Your task is to transcribe all of the records exactly and leave out the pictures.

» DATA SUPPLIED:
====

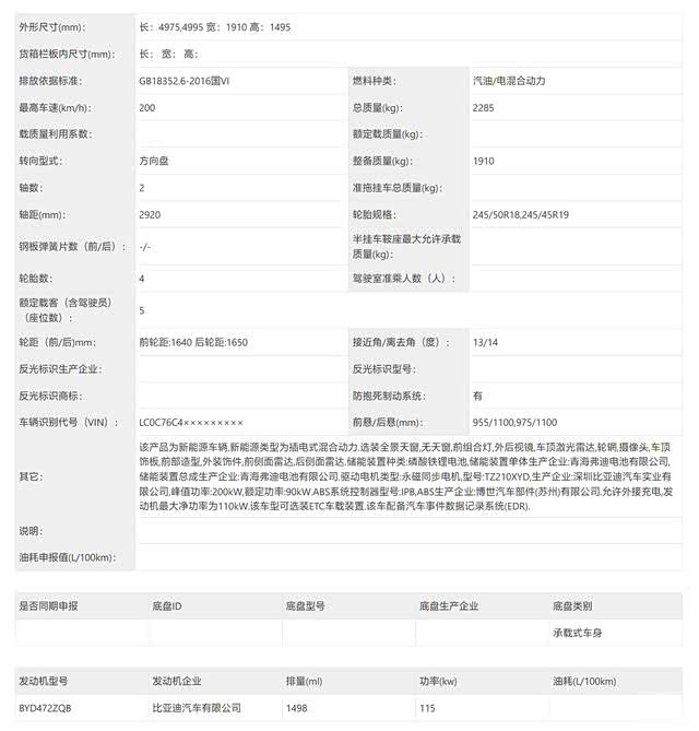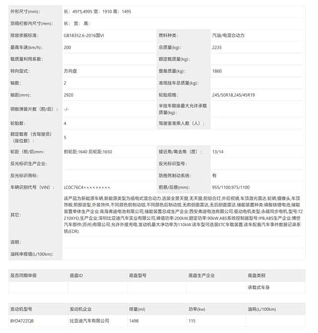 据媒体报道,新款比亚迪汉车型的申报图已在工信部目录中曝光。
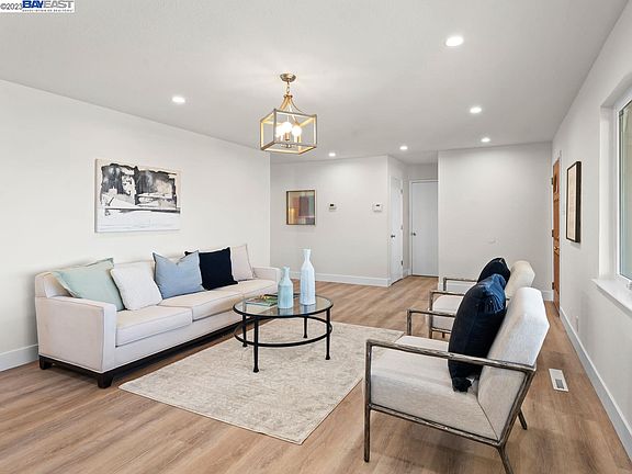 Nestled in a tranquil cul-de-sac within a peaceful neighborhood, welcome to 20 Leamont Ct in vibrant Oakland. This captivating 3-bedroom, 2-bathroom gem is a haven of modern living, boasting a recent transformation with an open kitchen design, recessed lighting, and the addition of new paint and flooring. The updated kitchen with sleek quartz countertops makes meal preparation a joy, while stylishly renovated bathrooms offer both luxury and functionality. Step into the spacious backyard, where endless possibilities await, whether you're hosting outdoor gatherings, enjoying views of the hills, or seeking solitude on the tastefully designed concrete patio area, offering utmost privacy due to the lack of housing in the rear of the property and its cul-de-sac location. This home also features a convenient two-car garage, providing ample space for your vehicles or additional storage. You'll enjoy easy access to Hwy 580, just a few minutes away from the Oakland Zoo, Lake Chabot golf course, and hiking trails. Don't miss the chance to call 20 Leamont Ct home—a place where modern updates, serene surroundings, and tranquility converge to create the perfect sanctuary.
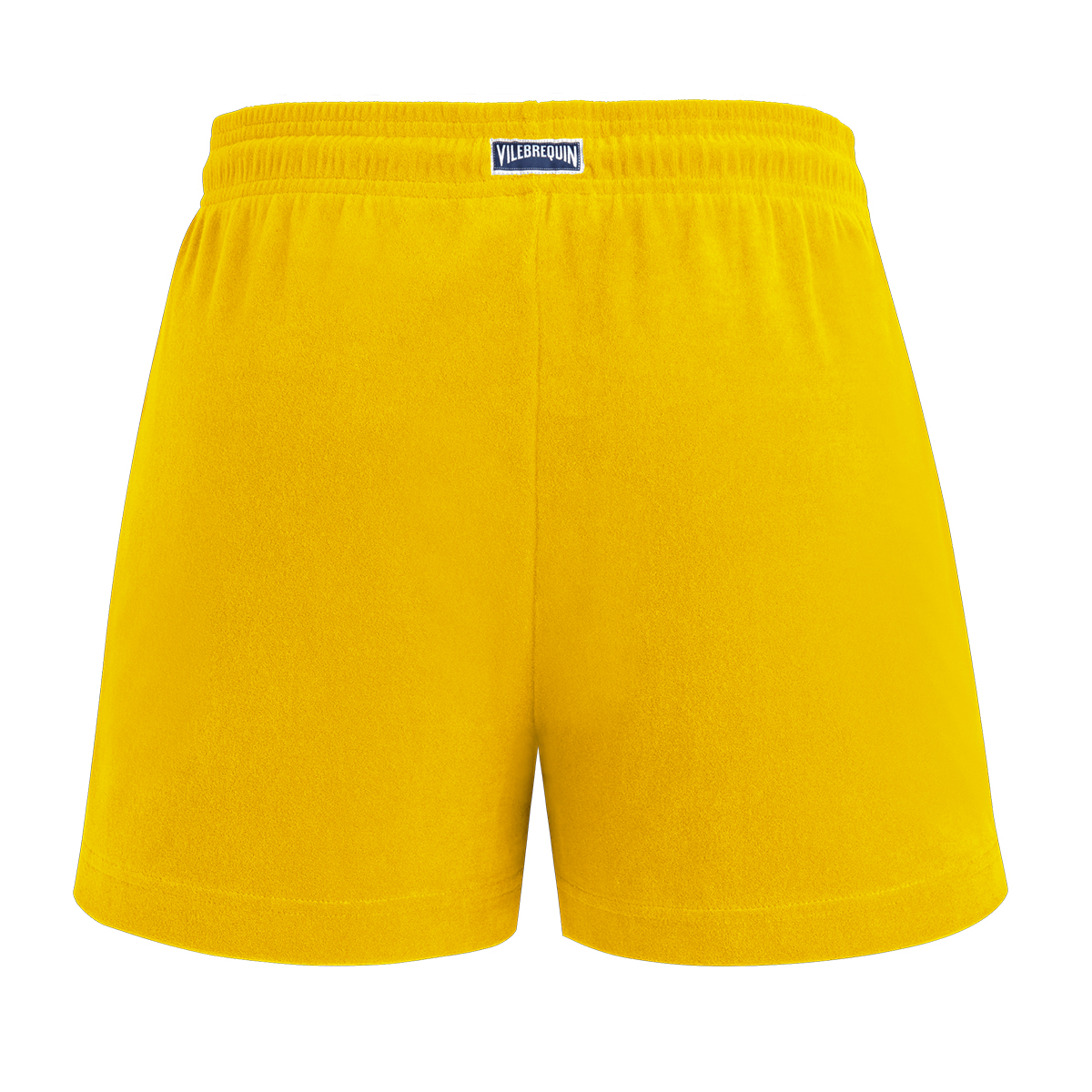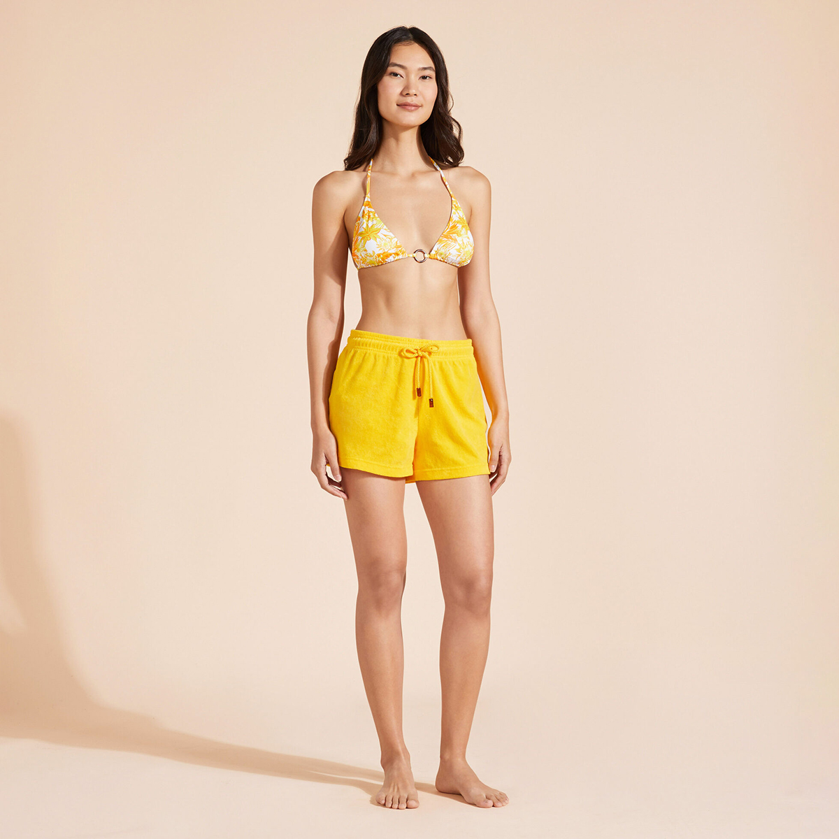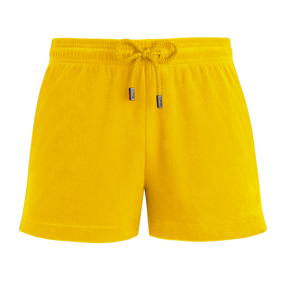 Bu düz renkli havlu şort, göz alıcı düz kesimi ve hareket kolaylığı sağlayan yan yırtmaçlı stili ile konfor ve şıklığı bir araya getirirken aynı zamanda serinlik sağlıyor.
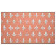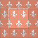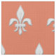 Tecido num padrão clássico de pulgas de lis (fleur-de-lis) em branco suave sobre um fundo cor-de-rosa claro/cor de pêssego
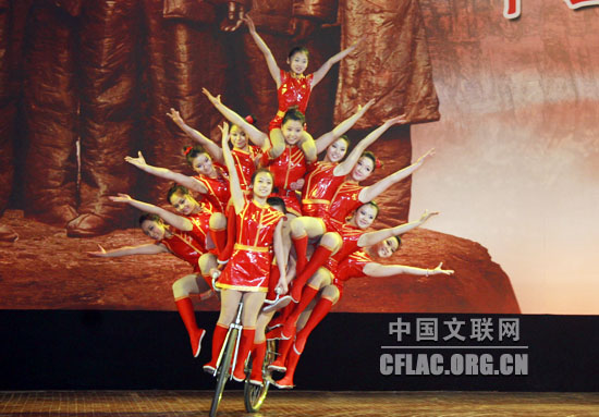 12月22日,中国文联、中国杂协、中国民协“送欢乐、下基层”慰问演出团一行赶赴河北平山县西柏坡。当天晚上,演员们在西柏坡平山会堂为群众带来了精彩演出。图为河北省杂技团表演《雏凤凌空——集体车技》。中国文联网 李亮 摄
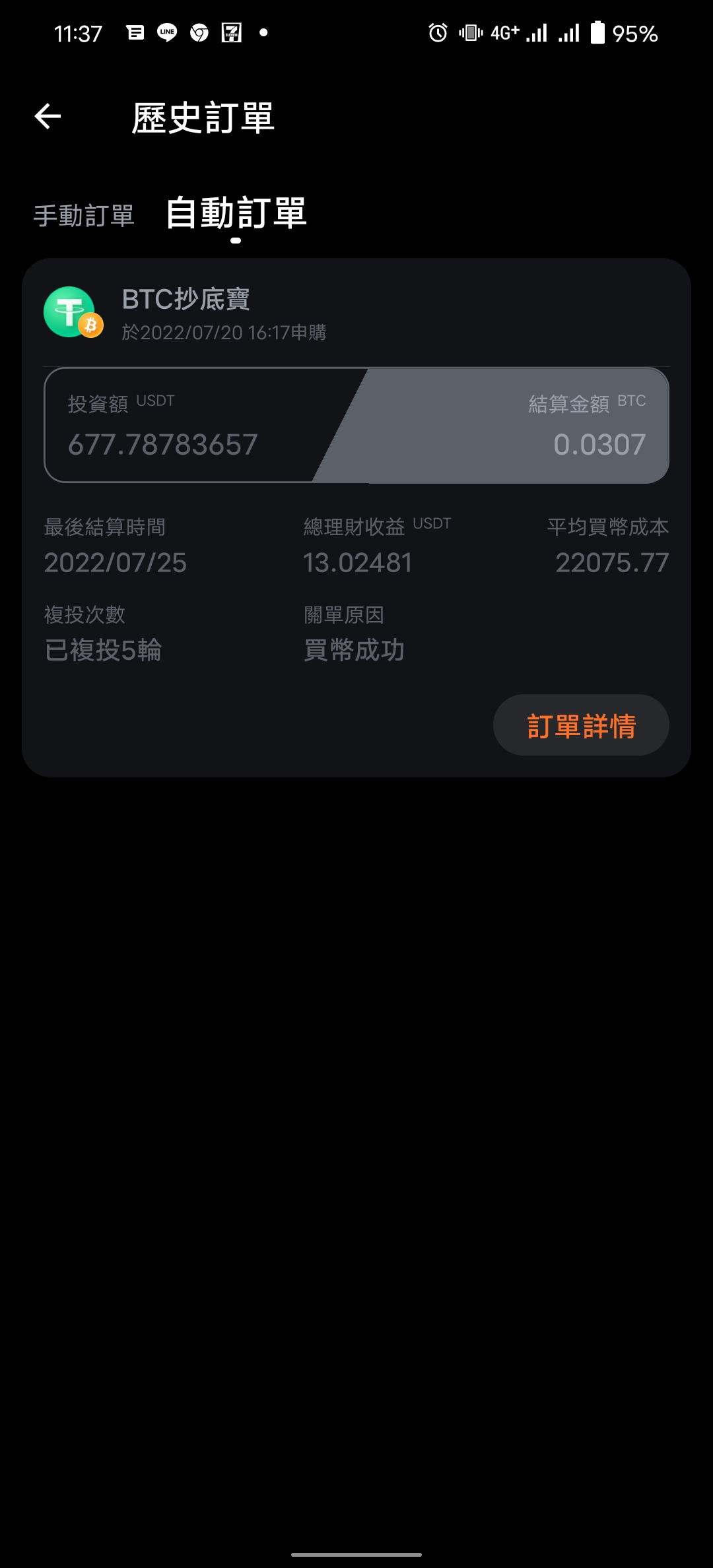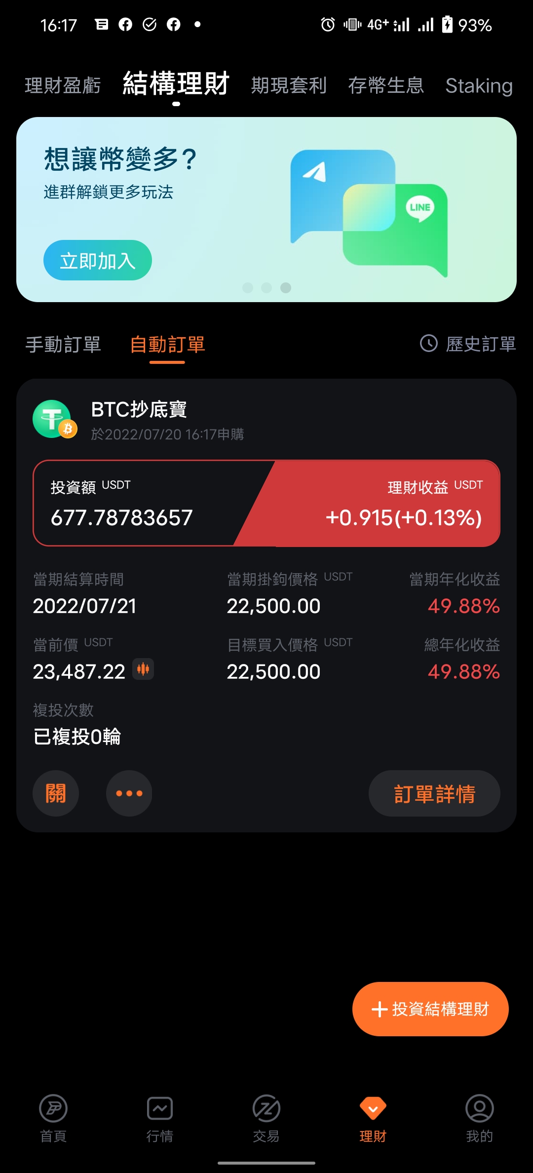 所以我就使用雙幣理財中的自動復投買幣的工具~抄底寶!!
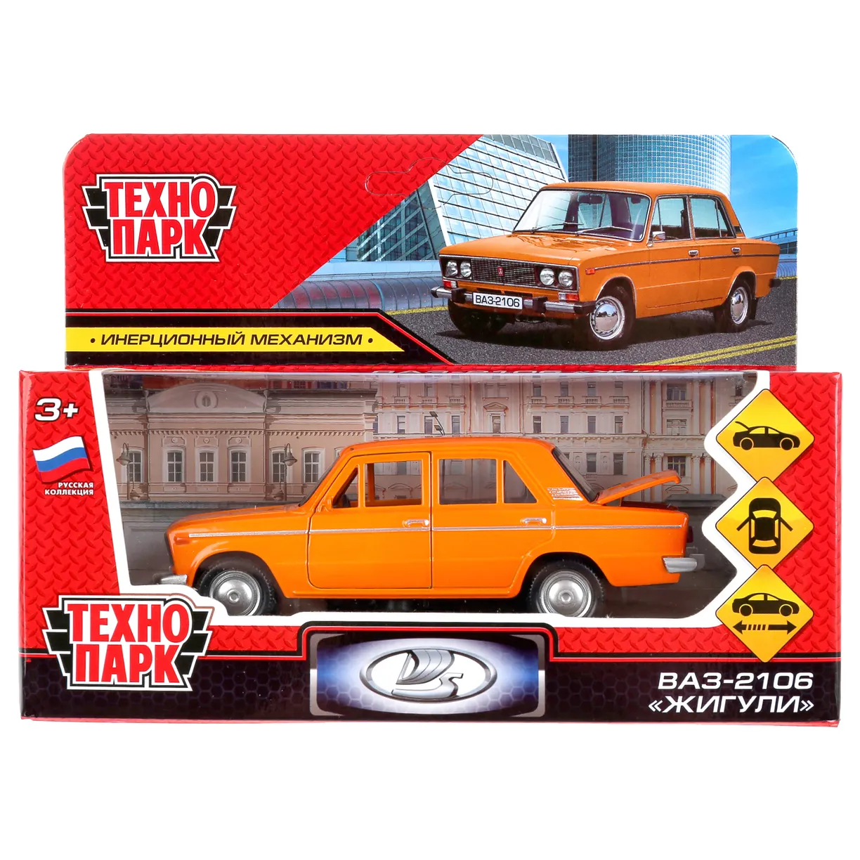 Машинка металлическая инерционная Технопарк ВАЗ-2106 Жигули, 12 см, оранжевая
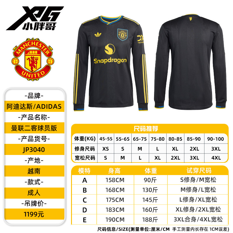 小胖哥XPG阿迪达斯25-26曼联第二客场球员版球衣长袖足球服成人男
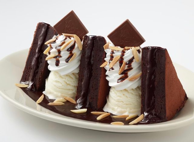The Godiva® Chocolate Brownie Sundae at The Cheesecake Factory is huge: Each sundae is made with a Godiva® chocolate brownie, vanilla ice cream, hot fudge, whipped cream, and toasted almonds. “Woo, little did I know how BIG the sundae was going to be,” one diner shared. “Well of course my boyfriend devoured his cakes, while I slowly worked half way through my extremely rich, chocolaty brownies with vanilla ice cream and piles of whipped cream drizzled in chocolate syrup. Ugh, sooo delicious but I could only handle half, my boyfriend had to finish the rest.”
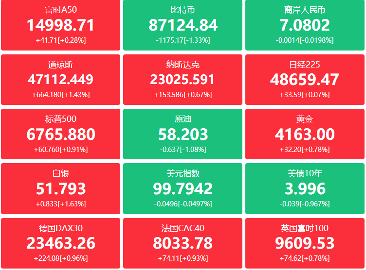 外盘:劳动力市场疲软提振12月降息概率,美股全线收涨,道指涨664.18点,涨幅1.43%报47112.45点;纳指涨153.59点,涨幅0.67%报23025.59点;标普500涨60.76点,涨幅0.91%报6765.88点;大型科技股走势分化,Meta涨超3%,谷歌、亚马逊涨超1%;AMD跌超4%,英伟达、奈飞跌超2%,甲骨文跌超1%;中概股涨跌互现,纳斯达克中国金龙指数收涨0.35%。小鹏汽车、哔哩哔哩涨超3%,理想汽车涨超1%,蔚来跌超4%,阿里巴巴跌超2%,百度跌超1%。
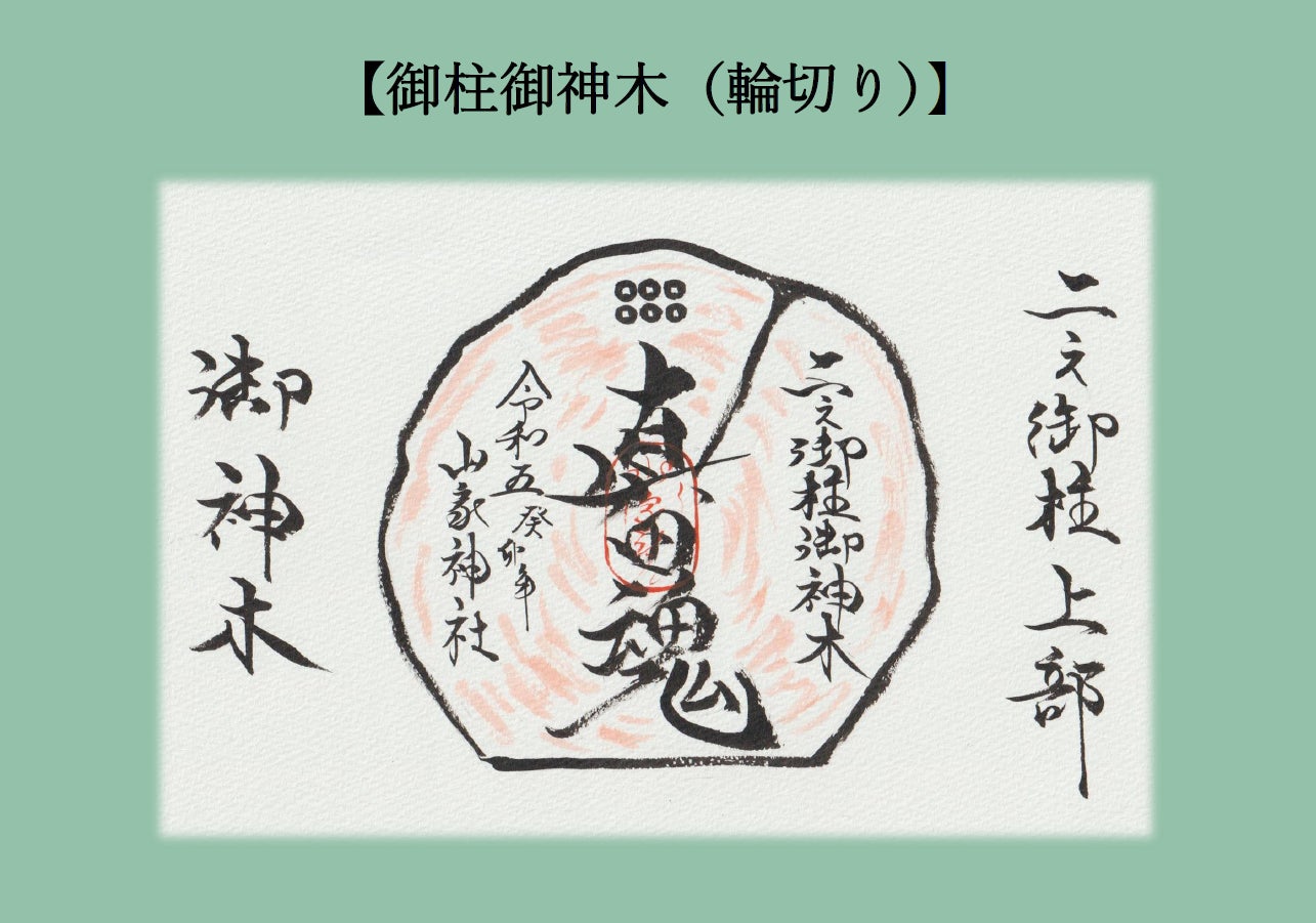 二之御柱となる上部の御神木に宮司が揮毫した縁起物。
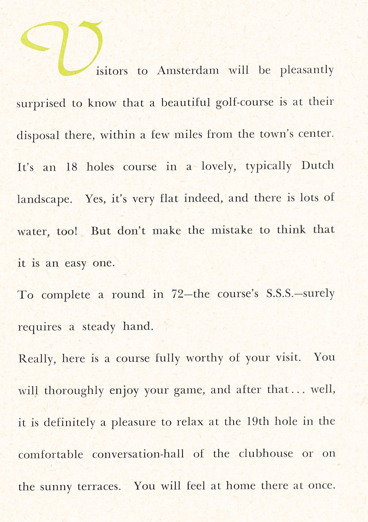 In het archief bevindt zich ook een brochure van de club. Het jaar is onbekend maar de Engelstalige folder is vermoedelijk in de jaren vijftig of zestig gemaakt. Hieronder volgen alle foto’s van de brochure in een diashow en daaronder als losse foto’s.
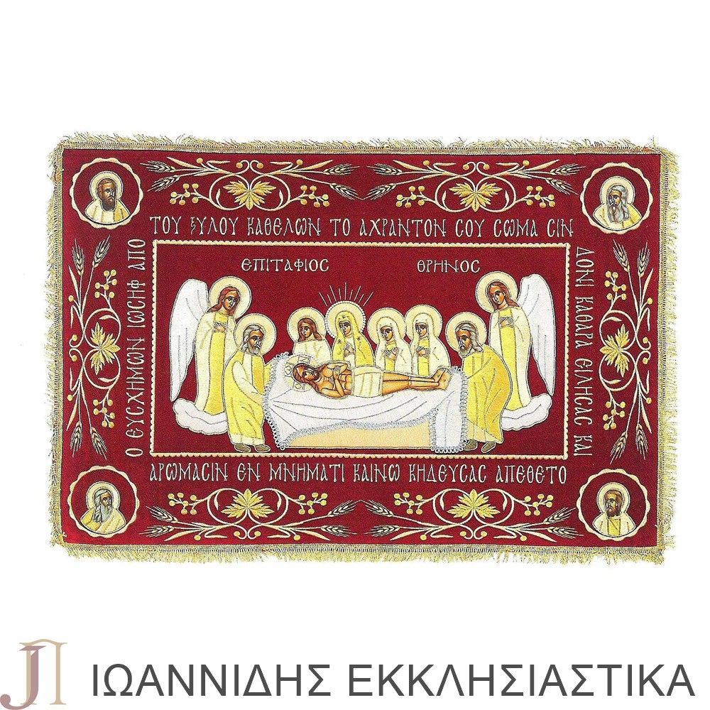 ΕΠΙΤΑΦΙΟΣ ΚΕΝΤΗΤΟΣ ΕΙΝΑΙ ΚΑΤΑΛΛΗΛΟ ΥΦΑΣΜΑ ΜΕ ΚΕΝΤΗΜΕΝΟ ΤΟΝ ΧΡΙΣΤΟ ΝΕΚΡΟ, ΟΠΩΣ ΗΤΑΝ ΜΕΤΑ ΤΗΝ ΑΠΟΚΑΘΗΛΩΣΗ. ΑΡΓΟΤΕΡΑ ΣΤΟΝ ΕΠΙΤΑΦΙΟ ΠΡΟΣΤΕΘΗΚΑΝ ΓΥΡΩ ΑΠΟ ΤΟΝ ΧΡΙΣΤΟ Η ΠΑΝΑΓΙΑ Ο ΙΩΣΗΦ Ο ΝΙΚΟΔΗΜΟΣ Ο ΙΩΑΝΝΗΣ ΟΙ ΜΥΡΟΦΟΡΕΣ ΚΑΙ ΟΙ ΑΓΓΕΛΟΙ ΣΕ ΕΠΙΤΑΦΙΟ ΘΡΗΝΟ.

====

» RESPONSE FOR THIS EXERCISE:
 据媒体报道,新款比亚迪汉车型的申报图已在工信部目录中曝光。
 Nestled in a tranquil cul-de-sac within a peaceful neighborhood, welcome to 20 Leamont Ct in vibrant Oakland. This captivating 3-bedroom, 2-bathroom gem is a haven of modern living, boasting a recent transformation with an open kitchen design, recessed lighting, and the addition of new paint and flooring. The updated kitchen with sleek quartz countertops makes meal preparation a joy, while stylishly renovated bathrooms offer both luxury and functionality. Step into the spacious backyard, where endless possibilities await, whether you're hosting outdoor gatherings, enjoying views of the hills, or seeking solitude on the tastefully designed concrete patio area, offering utmost privacy due to the lack of housing in the rear of the property and its cul-de-sac location. This home also features a convenient two-car garage, providing ample space for your vehicles or additional storage. You'll enjoy easy access to Hwy 580, just a few minutes away from the Oakland Zoo, Lake Chabot golf course, and hiking trails. Don't miss the chance to call 20 Leamont Ct home—a place where modern updates, serene surroundings, and tranquility converge to create the perfect sanctuary.
 Bu düz renkli havlu şort, göz alıcı düz kesimi ve hareket kolaylığı sağlayan yan yırtmaçlı stili ile konfor ve şıklığı bir araya getirirken aynı zamanda serinlik sağlıyor.
 Tecido num padrão clássico de pulgas de lis (fleur-de-lis) em branco suave sobre um fundo cor-de-rosa claro/cor de pêssego
 12月22日,中国文联、中国杂协、中国民协“送欢乐、下基层”慰问演出团一行赶赴河北平山县西柏坡。当天晚上,演员们在西柏坡平山会堂为群众带来了精彩演出。图为河北省杂技团表演《雏凤凌空——集体车技》。中国文联网 李亮 摄
 所以我就使用雙幣理財中的自動復投買幣的工具~抄底寶!!
 Машинка металлическая инерционная Технопарк ВАЗ-2106 Жигули, 12 см, оранжевая
 小胖哥XPG阿迪达斯25-26曼联第二客场球员版球衣长袖足球服成人男
The Godiva® Chocolate Brownie Sundae at The Cheesecake Factory is huge: Each sundae is made with a Godiva® chocolate brownie, vanilla ice cream, hot fudge, whipped cream, and toasted almonds. “Woo, little did I know how BIG the sundae was going to be,” one diner shared. “Well of course my boyfriend devoured his cakes, while I slowly worked half way through my extremely rich, chocolaty brownies with vanilla ice cream and piles of whipped cream drizzled in chocolate syrup. Ugh, sooo delicious but I could only handle half, my boyfriend had to finish the rest.”
 外盘:劳动力市场疲软提振12月降息概率,美股全线收涨,道指涨664.18点,涨幅1.43%报47112.45点;纳指涨153.59点,涨幅0.67%报23025.59点;标普500涨60.76点,涨幅0.91%报6765.88点;大型科技股走势分化,Meta涨超3%,谷歌、亚马逊涨超1%;AMD跌超4%,英伟达、奈飞跌超2%,甲骨文跌超1%;中概股涨跌互现,纳斯达克中国金龙指数收涨0.35%。小鹏汽车、哔哩哔哩涨超3%,理想汽车涨超1%,蔚来跌超4%,阿里巴巴跌超2%,百度跌超1%。
 二之御柱となる上部の御神木に宮司が揮毫した縁起物。
 In het archief bevindt zich ook een brochure van de club. Het jaar is onbekend maar de Engelstalige folder is vermoedelijk in de jaren vijftig of zestig gemaakt. Hieronder volgen alle foto’s van de brochure in een diashow en daaronder als losse foto’s.
 ΕΠΙΤΑΦΙΟΣ ΚΕΝΤΗΤΟΣ ΕΙΝΑΙ ΚΑΤΑΛΛΗΛΟ ΥΦΑΣΜΑ ΜΕ ΚΕΝΤΗΜΕΝΟ ΤΟΝ ΧΡΙΣΤΟ ΝΕΚΡΟ, ΟΠΩΣ ΗΤΑΝ ΜΕΤΑ ΤΗΝ ΑΠΟΚΑΘΗΛΩΣΗ. ΑΡΓΟΤΕΡΑ ΣΤΟΝ ΕΠΙΤΑΦΙΟ ΠΡΟΣΤΕΘΗΚΑΝ ΓΥΡΩ ΑΠΟ ΤΟΝ ΧΡΙΣΤΟ Η ΠΑΝΑΓΙΑ Ο ΙΩΣΗΦ Ο ΝΙΚΟΔΗΜΟΣ Ο ΙΩΑΝΝΗΣ ΟΙ ΜΥΡΟΦΟΡΕΣ ΚΑΙ ΟΙ ΑΓΓΕΛΟΙ ΣΕ ΕΠΙΤΑΦΙΟ ΘΡΗΝΟ.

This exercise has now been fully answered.